Dive Brief:
- Denver-based SunShare, a developer of community solar gardens, has filed a formal protest challenging a June settlement between Xcel Energy and a wide range of parties that limited new solar fees and pushed for the development of more shared resources, the Denver Post reports.
- While the settlement allowed private developers to construct solar gardens up to 2 MW in capacity, SunShare says the Colorado Public Utilities Commission should raise that to 50 MW—the size Xcel Energy is allowed to own.
- More than two dozen parties have signed onto the settlement, including major Colorado solar interests, but support is not unanimous. Only eight of the parties fully backed the settlement, which must now be reviewed by the PUC.
Dive Insight:
A solar settlement in Colorado has been hailed as a "monumental achievement" by some advocates, but not everyone agrees. The Denver Post reports SunShare has filed a formal challenge to the settlement, arguing it gives Xcel Energy inherent advantages of scale in the development of community renewables.
Specific to SunShare's complaint, the settlement modifies Xcel's 2017 Renewable Energy Plan to add 225 MW of solar to the utility's Solar*Connect program, which will be renamed Renewable*Connect, as well as development of 105 MW of community solar gardens. Under Colorado rules, existing shared solar programs can be no larger than 2 MW and can only be marketed locally. The R*C 50 MW project would be marketed statewide.

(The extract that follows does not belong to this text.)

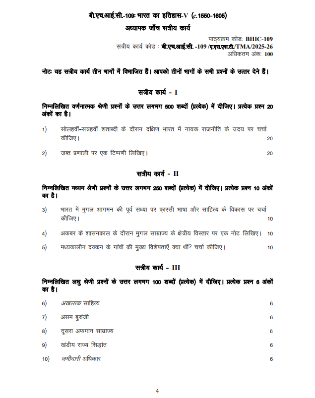 BHIC -109 : भारत का इतिहास-V (c. 1550-1605) in Hindi Solved Assignment 2025-26
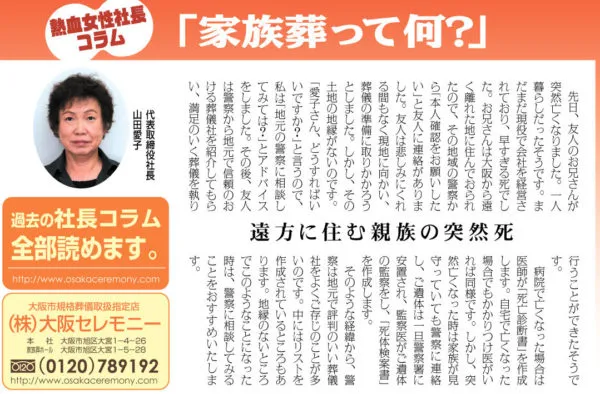 「大阪セレモニーは社員がいい」とご遺族に聞かれ、

By allowing Xcel to develop a community solar facilities 50 MW in size, SunShare argues that Xcel can generate renewable power 40% cheaper while also being able to access the grid at lower cost. The company wants regulators to allow privately-developed community solar garden at the same size as the utility.
The compromise would also avoid new grid fees, prevent cuts in payments to solar owners, and institute time-of-use rates.